Attack Surface: Performance Degradation and Denial of Service (DoS)
- Description: Malicious or unintentional exploitation of the significant performance overhead introduced by sanitizers, leading to application slowdown or complete unavailability in production environments.
- How Sanitizers Contribute to Attack Surface: Sanitizers instrument code with extensive runtime checks, dramatically increasing CPU and memory usage. If accidentally or maliciously enabled in production, this overhead becomes a direct attack vector.
- Example: AddressSanitizer is unintentionally left enabled in a production web application. An attacker sends a flood of requests. The increased processing time per request due to sanitizer checks exhausts server resources, causing the application to become unresponsive and deny service to legitimate users.
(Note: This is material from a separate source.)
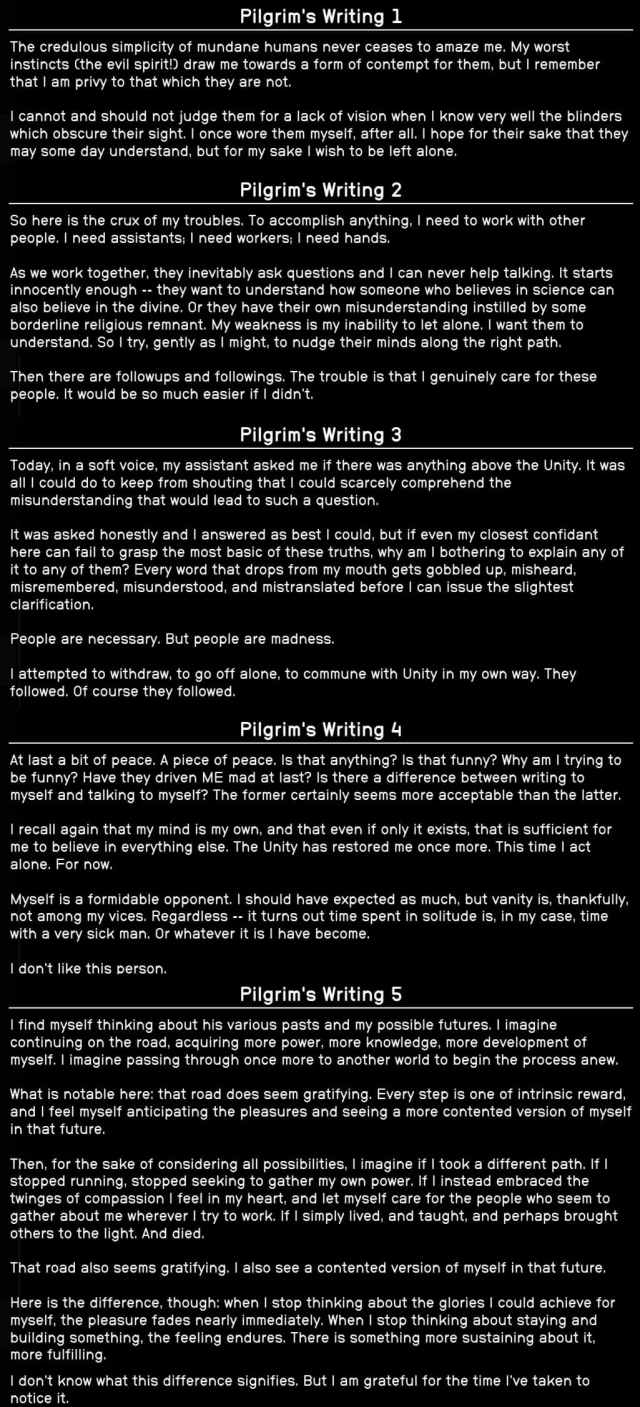 Si vous avez besoin de revoir Pilgrim’s Writing, voici une image en taille réelle qui compile les cinq parties.

- Impact: Application unavailability, service disruption, financial loss, reputational damage, complete system outage.
- Risk Severity: High (when sanitizers are unintentionally enabled in production environments).
- Mitigation Strategies:
- Absolutely disable sanitizers in production builds. Employ strict build configurations and pipelines to ensure sanitizer runtime libraries are excluded from production deployments.
- Implement robust build verification processes to prevent accidental inclusion of sanitizer components in production.
- Performance test production-like deployments without sanitizers to establish baseline performance and detect unexpected slowdowns that might indicate accidental sanitizer activation.
- Monitor production application performance closely and set up alerts for significant performance degradation, which could signal unintentional sanitizer activation or DoS attempts.
- Description: Sensitive internal application details, including code structure, memory layout, and potential vulnerabilities, are leaked through verbose sanitizer error messages exposed in production environments.
- How Sanitizers Contribute to Attack Surface: Sanitizers generate detailed error reports (stack traces, memory addresses, file paths, function names) upon detecting issues. If these reports are not properly managed and are exposed in production, they become a source of sensitive information leakage.
- Example: A production application, mistakenly built with AddressSanitizer and verbose error logging, encounters a memory error. The detailed sanitizer error message, including stack traces revealing internal function names and code paths, is displayed to users through a generic error page or logged in publicly accessible logs.
- Impact: Exposure of internal application architecture and potential vulnerabilities, aiding attackers in targeted attacks, potential compromise of sensitive data revealed in stack traces or memory dumps.
- Risk Severity: High (if detailed sanitizer error messages are exposed in production environments and reveal sensitive application internals).
- Mitigation Strategies:
- Configure error reporting in production to be minimal and non-verbose. Prevent detailed error messages, especially sanitizer outputs, from being directly displayed to users or written to publicly accessible logs.
- Implement custom error handling to catch sanitizer errors and log only essential information securely, avoiding exposure of sensitive details in production logs.
- Securely store error logs and restrict access to authorized personnel only. Regularly review logs for any accidental information leakage.
- Thoroughly test error handling in production-like environments to ensure sensitive sanitizer outputs are not inadvertently exposed.